- _EXERCISE BRIEF_: Everything in the listing should be transcribed exactly, apart from the pictures.

----- STORED DATA -----

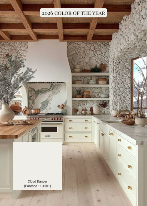 ในพื้นที่ครัว Cloud Dancer ให้ภาพลักษณ์ที่สะอาดแต่ไม่แข็ง ต่างจากสีขาวสว่างจัดที่อาจดูเป็นเชิงพาณิชย์ เหมาะกับครัวบ้าน ครัวเปิด พื้นที่ทานอาหารที่เชื่อมกับห้องนั่งเล่น เมื่อใช้ร่วมกับไฟโทนอุ่นจะให้ความรู้สึกอบอุ่น เป็นกันเอง และใช้งานได้จริง
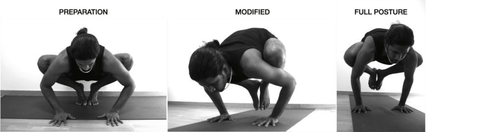 Выполнение этих асан поможет научиться двум основным принципам, которые помогут в освоении бакасаны — умение направлять живот вверх, округляя при этом позвоночник, и смещать центр грудины от пупка.
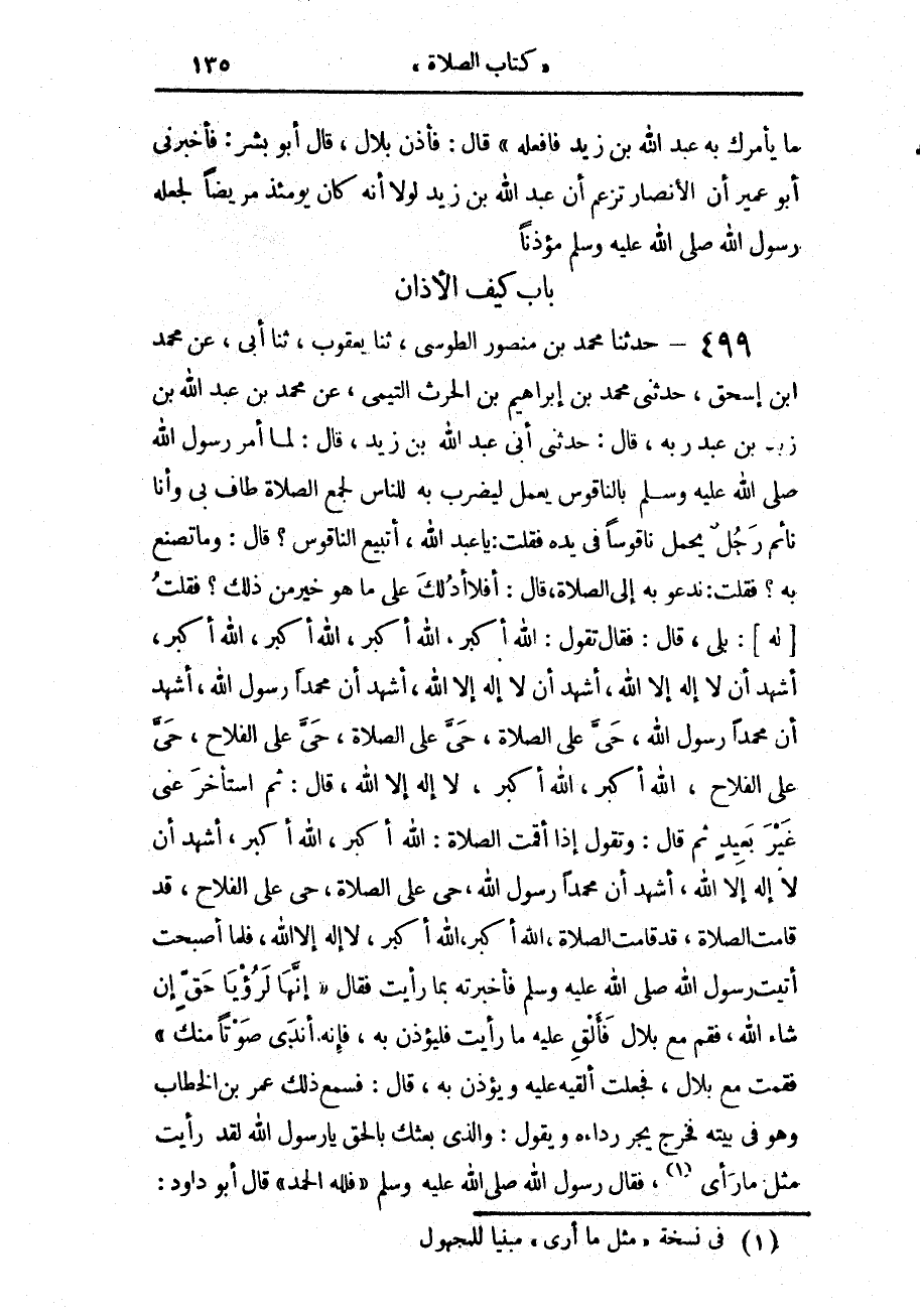 499 - حَدَّثَنَا مُحَمَّدُ بْنُ مَنْصُورٍ الطُّوسِيُّ، حَدَّثَنَا يَعْقُوبُ، حَدَّثَنَا أَبِي، عَنْ مُحَمَّدِ بْنِ إِسْحَاقَ، حَدَّثَنِي مُحَمَّدُ بْنُ إِبْرَاهِيمَ بْنِ الْحَارِثِ التَّيْمِيُّ، عَنْ مُحَمَّدِ بْنِ عَبْدِ اللَّهِ بْنِ زَيْدِ بْنِ عَبْدِ رَبِّهِ، قَالَ: حَدَّثَنِي أَبِي عَبْدُ اللَّهِ بْنُ زَيْدٍ، قَالَ: لَمَّا أَمَرَ رَسُولُ اللَّهِ صَلَّى اللهُ عَلَيْهِ وَسَلَّمَ بِالنَّاقُوسِ يُعْمَلُ لِيُضْرَبَ بِهِ لِلنَّاسِ لِجَمْعِ الصَّلَاةِ طَافَ بِي وَأَنَا نَائِمٌ رَجُلٌ يَحْمِلُ نَاقُوسًا فِي يَدِهِ، فَقُلْتُ: يَا عَبْدَ اللَّهِ أَتَبِيعُ النَّاقُوسَ؟ قَالَ: وَمَا تَصْنَعُ بِهِ؟ فَقُلْتُ: نَدْعُو بِهِ إِلَى الصَّلَاةِ، قَالَ: أَفَلَا أَدُلُّكَ عَلَى مَا هُوَ خَيْرٌ مِنْ ذَلِكَ؟ فَقُلْتُ لَهُ: بَلَى، قَالَ: فَقَالَ: تَقُولُ: §اللَّهُ أَكْبَرُ، اللَّهُ أَكْبَرُ، اللَّهُ أَكْبَرُ، اللَّهُ أَكْبَرُ، أَشْهَدُ أَنْ لَا إِلَهَ إِلَّا اللَّهُ، أَشْهَدُ أَنْ لَا إِلَهَ إِلَّا اللَّهُ، أَشْهَدُ أَنَّ مُحَمَّدًا رَسُولُ اللَّهِ، أَشْهَدُ أَنَّ مُحَمَّدًا رَسُولُ اللَّهِ، حَيَّ عَلَى الصَّلَاةِ، حَيَّ عَلَى الصَّلَاةِ، حَيَّ عَلَى الْفَلَاحِ، حَيَّ عَلَى الْفَلَاحِ، اللَّهُ أَكْبَرُ، اللَّهُ أَكْبَرُ، لَا إِلَهَ إِلَّا اللَّهُ، قَالَ: ثُمَّ اسْتَأْخَرَ عَنِّي غَيْرَ بَعِيدٍ، ثُمَّ، قَالَ: وَتَقُولُ: إِذَا أَقَمْتَ الصَّلَاةَ، اللَّهُ أَكْبَرُ اللَّهُ أَكْبَرُ، أَشْهَدُ أَنْ لَا إِلَهَ إِلَّا اللَّهُ، أَشْهَدُ أَنَّ مُحَمَّدًا رَسُولُ اللَّهِ، حَيَّ عَلَى الصَّلَاةِ، حَيَّ عَلَى الْفَلَاحِ، قَدْ قَامَتِ الصَّلَاةُ، قَدْ قَامَتِ الصَّلَاةُ، اللَّهُ أَكْبَرُ اللَّهُ أَكْبَرُ، لَا إِلَهَ إِلَّا اللَّهُ، فَلَمَّا أَصْبَحْتُ، أَتَيْتُ رَسُولَ اللَّهِ صَلَّى اللهُ عَلَيْهِ وَسَلَّمَ، فَأَخْبَرْتُهُ، بِمَا رَأَيْتُ فَقَالَ: «إِنَّهَا لَرُؤْيَا حَقٌّ إِنْ شَاءَ اللَّهُ، فَقُمْ مَعَ بِلَالٍ فَأَلْقِ عَلَيْهِ مَا رَأَيْتَ، فَلْيُؤَذِّنْ بِهِ، فَإِنَّهُ أَنْدَى صَوْتًا مِنْكَ» فَقُمْتُ مَعَ بِلَالٍ، فَجَعَلْتُ أُلْقِيهِ عَلَيْهِ، وَيُؤَذِّنُ بِهِ، قَالَ: فَسَمِعَ ذَلِكَ عُمَرُ بْنُ الْخَطَّابِ، وَهُوَ فِي بَيْتِهِ فَخَرَجَ يَجُرُّ رِدَاءَهُ، وَيَقُولُ: وَالَّذِي بَعَثَكَ بِالْحَقِّ يَا رَسُولَ اللَّهِ، لَقَدْ رَأَيْتُ -[136]- مِثْلَ مَا رَأَى، فَقَالَ رَسُولُ اللَّهِ صَلَّى اللهُ عَلَيْهِ وَسَلَّمَ: «فَلِلَّهِ الْحَمْدُ» قَالَ أَبُو دَاوُدَ: هَكَذَا رِوَايَةُ الزُّهْرِيِّ، عَنْ سَعِيدِ بْنِ الْمُسَيِّبِ، عَنْ عَبْدِ اللَّهِ بْنِ زَيْدٍ، وَقَالَ: فِيهِ ابْنُ إِسْحَاقَ، عَنِ الزُّهْرِيِّ: اللَّهُ أَكْبَرُ، اللَّهُ أَكْبَرُ، اللَّهُ أَكْبَرُ، اللَّهُ أَكْبَرُ، وَقَالَ مَعْمَرٌ، وَيُونُسُ، عَنِ الزُّهْرِيِّ فِيهِ: اللَّهُ أَكْبَرُ، اللَّهُ أَكْبَرُ، لَمْ يُثَنِّيَا

-----

- _RESULT_:
 ในพื้นที่ครัว Cloud Dancer ให้ภาพลักษณ์ที่สะอาดแต่ไม่แข็ง ต่างจากสีขาวสว่างจัดที่อาจดูเป็นเชิงพาณิชย์ เหมาะกับครัวบ้าน ครัวเปิด พื้นที่ทานอาหารที่เชื่อมกับห้องนั่งเล่น เมื่อใช้ร่วมกับไฟโทนอุ่นจะให้ความรู้สึกอบอุ่น เป็นกันเอง และใช้งานได้จริง
 Выполнение этих асан поможет научиться двум основным принципам, которые помогут в освоении бакасаны — умение направлять живот вверх, округляя при этом позвоночник, и смещать центр грудины от пупка.
 499 - حَدَّثَنَا مُحَمَّدُ بْنُ مَنْصُورٍ الطُّوسِيُّ، حَدَّثَنَا يَعْقُوبُ، حَدَّثَنَا أَبِي، عَنْ مُحَمَّدِ بْنِ إِسْحَاقَ، حَدَّثَنِي مُحَمَّدُ بْنُ إِبْرَاهِيمَ بْنِ الْحَارِثِ التَّيْمِيُّ، عَنْ مُحَمَّدِ بْنِ عَبْدِ اللَّهِ بْنِ زَيْدِ بْنِ عَبْدِ رَبِّهِ، قَالَ: حَدَّثَنِي أَبِي عَبْدُ اللَّهِ بْنُ زَيْدٍ، قَالَ: لَمَّا أَمَرَ رَسُولُ اللَّهِ صَلَّى اللهُ عَلَيْهِ وَسَلَّمَ بِالنَّاقُوسِ يُعْمَلُ لِيُضْرَبَ بِهِ لِلنَّاسِ لِجَمْعِ الصَّلَاةِ طَافَ بِي وَأَنَا نَائِمٌ رَجُلٌ يَحْمِلُ نَاقُوسًا فِي يَدِهِ، فَقُلْتُ: يَا عَبْدَ اللَّهِ أَتَبِيعُ النَّاقُوسَ؟ قَالَ: وَمَا تَصْنَعُ بِهِ؟ فَقُلْتُ: نَدْعُو بِهِ إِلَى الصَّلَاةِ، قَالَ: أَفَلَا أَدُلُّكَ عَلَى مَا هُوَ خَيْرٌ مِنْ ذَلِكَ؟ فَقُلْتُ لَهُ: بَلَى، قَالَ: فَقَالَ: تَقُولُ: §اللَّهُ أَكْبَرُ، اللَّهُ أَكْبَرُ، اللَّهُ أَكْبَرُ، اللَّهُ أَكْبَرُ، أَشْهَدُ أَنْ لَا إِلَهَ إِلَّا اللَّهُ، أَشْهَدُ أَنْ لَا إِلَهَ إِلَّا اللَّهُ، أَشْهَدُ أَنَّ مُحَمَّدًا رَسُولُ اللَّهِ، أَشْهَدُ أَنَّ مُحَمَّدًا رَسُولُ اللَّهِ، حَيَّ عَلَى الصَّلَاةِ، حَيَّ عَلَى الصَّلَاةِ، حَيَّ عَلَى الْفَلَاحِ، حَيَّ عَلَى الْفَلَاحِ، اللَّهُ أَكْبَرُ، اللَّهُ أَكْبَرُ، لَا إِلَهَ إِلَّا اللَّهُ، قَالَ: ثُمَّ اسْتَأْخَرَ عَنِّي غَيْرَ بَعِيدٍ، ثُمَّ، قَالَ: وَتَقُولُ: إِذَا أَقَمْتَ الصَّلَاةَ، اللَّهُ أَكْبَرُ اللَّهُ أَكْبَرُ، أَشْهَدُ أَنْ لَا إِلَهَ إِلَّا اللَّهُ، أَشْهَدُ أَنَّ مُحَمَّدًا رَسُولُ اللَّهِ، حَيَّ عَلَى الصَّلَاةِ، حَيَّ عَلَى الْفَلَاحِ، قَدْ قَامَتِ الصَّلَاةُ، قَدْ قَامَتِ الصَّلَاةُ، اللَّهُ أَكْبَرُ اللَّهُ أَكْبَرُ، لَا إِلَهَ إِلَّا اللَّهُ، فَلَمَّا أَصْبَحْتُ، أَتَيْتُ رَسُولَ اللَّهِ صَلَّى اللهُ عَلَيْهِ وَسَلَّمَ، فَأَخْبَرْتُهُ، بِمَا رَأَيْتُ فَقَالَ: «إِنَّهَا لَرُؤْيَا حَقٌّ إِنْ شَاءَ اللَّهُ، فَقُمْ مَعَ بِلَالٍ فَأَلْقِ عَلَيْهِ مَا رَأَيْتَ، فَلْيُؤَذِّنْ بِهِ، فَإِنَّهُ أَنْدَى صَوْتًا مِنْكَ» فَقُمْتُ مَعَ بِلَالٍ، فَجَعَلْتُ أُلْقِيهِ عَلَيْهِ، وَيُؤَذِّنُ بِهِ، قَالَ: فَسَمِعَ ذَلِكَ عُمَرُ بْنُ الْخَطَّابِ، وَهُوَ فِي بَيْتِهِ فَخَرَجَ يَجُرُّ رِدَاءَهُ، وَيَقُولُ: وَالَّذِي بَعَثَكَ بِالْحَقِّ يَا رَسُولَ اللَّهِ، لَقَدْ رَأَيْتُ -[136]- مِثْلَ مَا رَأَى، فَقَالَ رَسُولُ اللَّهِ صَلَّى اللهُ عَلَيْهِ وَسَلَّمَ: «فَلِلَّهِ الْحَمْدُ» قَالَ أَبُو دَاوُدَ: هَكَذَا رِوَايَةُ الزُّهْرِيِّ، عَنْ سَعِيدِ بْنِ الْمُسَيِّبِ، عَنْ عَبْدِ اللَّهِ بْنِ زَيْدٍ، وَقَالَ: فِيهِ ابْنُ إِسْحَاقَ، عَنِ الزُّهْرِيِّ: اللَّهُ أَكْبَرُ، اللَّهُ أَكْبَرُ، اللَّهُ أَكْبَرُ، اللَّهُ أَكْبَرُ، وَقَالَ مَعْمَرٌ، وَيُونُسُ، عَنِ الزُّهْرِيِّ فِيهِ: اللَّهُ أَكْبَرُ، اللَّهُ أَكْبَرُ، لَمْ يُثَنِّيَا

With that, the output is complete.